Sunday, August 12, 2007

Ubuntu day 2

Awhile back I signed up for the "Employee Purchase Program" at work, which means you can buy a 3-year old PC that they're getting rid of for $50. It's a lottery, so once you sign up, they throw your name in a hat, and if they pull it, you get one.

Well, last week my name was drawn.

I get headaches just looking at "Start" buttons, so immediately after plugging everything in I downloaded supposedly the most user-friendly linux build -- Ubuntu -- burned a CD and booted up. After a little trouble with ATA1 errors (I had to pull the jumper off the hard drive), it booted up just fine. Install was easy, updating software was easy, adding a bunch of games and cool apps was easy. Didn't come with tcsh or nedit, but nothing a "sudo apt-get" couldn't fix. Otherwise very smooth.

My assessment: eh.

Not because of Ubuntu, mind you. Ubuntu appears to be a fairly clean and easy to use version of linux -- if you have a PC lying around, I highly recommend giving Ubuntu a shot. My problem is with linux itself -- it seems almost like a new dog that with a little training will do a bunch of cool little tricks. But in the end, that's all you've got -- a dog that does tricks. Where are MS Office, Quicktime, AppleScript, iTunes, iPhoto, Photoshop? They're replaced by clunkier versions that yes, are free (very cool), but feel like they're duct-taped together (bad). What else do I use a computer for? Turns out, not much.

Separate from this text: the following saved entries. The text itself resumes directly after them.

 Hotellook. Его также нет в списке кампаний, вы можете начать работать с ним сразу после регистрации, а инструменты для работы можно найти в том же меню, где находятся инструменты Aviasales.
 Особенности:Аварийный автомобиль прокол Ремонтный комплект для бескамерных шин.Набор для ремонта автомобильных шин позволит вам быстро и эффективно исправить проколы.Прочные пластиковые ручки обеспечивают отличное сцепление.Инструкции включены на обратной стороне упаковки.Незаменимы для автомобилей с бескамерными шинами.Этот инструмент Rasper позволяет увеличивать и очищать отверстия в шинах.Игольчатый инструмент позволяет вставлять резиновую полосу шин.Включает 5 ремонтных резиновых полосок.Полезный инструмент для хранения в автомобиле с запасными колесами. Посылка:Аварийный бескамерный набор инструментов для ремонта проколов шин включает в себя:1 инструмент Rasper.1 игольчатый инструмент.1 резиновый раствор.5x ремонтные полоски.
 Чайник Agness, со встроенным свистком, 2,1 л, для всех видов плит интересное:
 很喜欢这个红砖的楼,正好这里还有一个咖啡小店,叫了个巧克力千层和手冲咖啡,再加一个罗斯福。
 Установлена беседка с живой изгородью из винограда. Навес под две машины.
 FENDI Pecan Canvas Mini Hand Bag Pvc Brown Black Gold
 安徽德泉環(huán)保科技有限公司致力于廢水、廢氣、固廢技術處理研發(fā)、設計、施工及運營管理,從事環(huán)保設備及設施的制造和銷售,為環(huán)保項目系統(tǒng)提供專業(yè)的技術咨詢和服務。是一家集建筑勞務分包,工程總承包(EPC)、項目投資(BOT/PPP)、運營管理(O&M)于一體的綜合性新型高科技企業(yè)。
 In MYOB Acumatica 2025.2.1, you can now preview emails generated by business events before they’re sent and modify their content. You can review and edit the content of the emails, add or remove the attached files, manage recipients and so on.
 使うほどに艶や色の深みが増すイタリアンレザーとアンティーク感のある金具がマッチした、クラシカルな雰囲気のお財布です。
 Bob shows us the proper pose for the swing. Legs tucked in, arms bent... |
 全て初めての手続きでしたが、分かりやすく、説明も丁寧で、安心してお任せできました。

So in the end I have a computer that my girls can use to play on, and I don't have to worry about them getting a virus or messing up the OS.

I guess that's worth $50.

Thursday, August 9, 2007

Airport security

Kip Hawley, head of the TSA, gets asked all the questions about airport security that are usually muttered as complaints in that security line...

A few terrific quotes:
I have the sinking feeling that you're defending us against a terrorist smart enough to develop his own liquid explosive, yet too stupid to read the rules on TSA's own website.
This feels so much like "cover your [tail]" security: you're screening our shoes because everyone knows Richard Reid hid explosives in them, and you'll be raked over the coals if that particular plot ever happens again. But there are literally thousands of possible plots.

So when does it end? The terrorists invented a particular tactic, and you're defending against it. But you're playing a game you can't win. You ban guns and bombs, so the terrorists use box cutters. You ban small blades and knitting needles, and they hide explosives in their shoes. You screen shoes, so they invent a liquid explosive. You restrict liquids, and they're going to do something else. The terrorists are going to look at what you're confiscating, and they're going to design a plot to bypass your security.
Kip actually has half-decent answers to these questions.

Wednesday, August 1, 2007

NPR interview with Alice Cooper

I have a lot to say about Terry Gross' interview with Alice Cooper (mp3), but unfortunately I'm too tired to say it right now... Still, if you have any curiosity about the bizarre and extreme heavy metal rockers of the 70s and 80s, this is an interesting perspective.

Given that he's famous for shows with guillotines, electric chairs, and lots of fake blood, unless you're quite familiar with Alice/Vincent's life you're probably in for something of a surprise.

I probably couldn't name 2 songs written by him, nor do I think I've ever heard a song of his all the way through. Still my initial prejudices about what kind of person he must be ended up almost entirely wrong...

Does anyone read this thing?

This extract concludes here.